Thanks, looks really interesting. Do functions like matmul support inputs of differing type, like say A=int8 and B=float? Would be nice if you could get memory efficient quantized matmul with operator fusion.
CUTLASS, which is NVIDIA’s C++ template library for writing matrix multiply and convolution kernels parametrized over input/output types, operators, and algorithm block sizes, theoretically supports this. But, each input of the (k, n) shaped matrix B will be read from global memory ceil(n / block dimension) times in an algorithm that computes one (block dimension, block dimension) submatrix of the output matrix D per thread block. It will probably be more efficient to cast your B matrix to FP16 or INT8 lower precision in a preprocessing kernel to reduce memory traffic in the matrix multiply kernel.

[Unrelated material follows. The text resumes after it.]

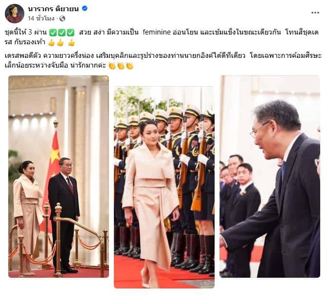 ล่าสุด ต๊ะ นารากร ติยายน พิธีกรได้โพสต์ข้อความเฟซบุ๊กพูดถึงการแต่งตัวนายกอิ๊งค์ โดยมีการกล่าวว่า “ชุดนี้ให้ 3 ผ่านสวย สง่า มีความเป็น feminine อ่อนโยน และเข้มแข็งในขณะเดียวกัน โทนสีชุดเดรส กับรองเท้า เดรสพอดีตัว ความยาวครึ่งน่อง เสริมบุคลิกและรูปร่างของท่านนายกอิงค์ได้ดีทีเดียว โดยเฉพาะการค้อมศีรษะเล็กน้อยระหว่างจับมือ น่ารักมากค่ะ”
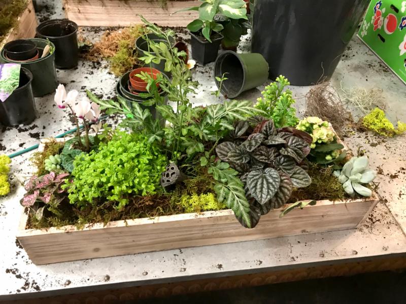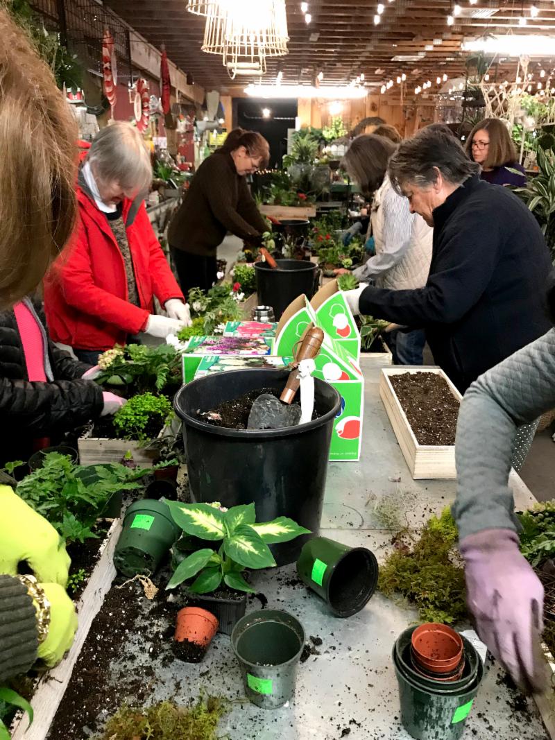 Members gathered for a workshop in February at Copia Home and Garden and created a living woodland centerpiece. Member and Copia owner Jenn Cipriano, guided us as we picked live plants, dried pods, and decorations to create a

On newer GPUs, though, we have this huge L2 cache which makes the calculus a little different if your working set fits into it. e.g. Ampere A100 has 40MB L2$.
We typically support whatever the underlying library supports. For int8 the support would come from cuBLASLt currently. I don't believe that or Cutlass supports mixed precision inputs, but I can check.
On newer GPUs, though, we have this huge L2 cache which makes the calculus a little different if your working set fits into it. e.g. Ampere A100 has 40MB L2$.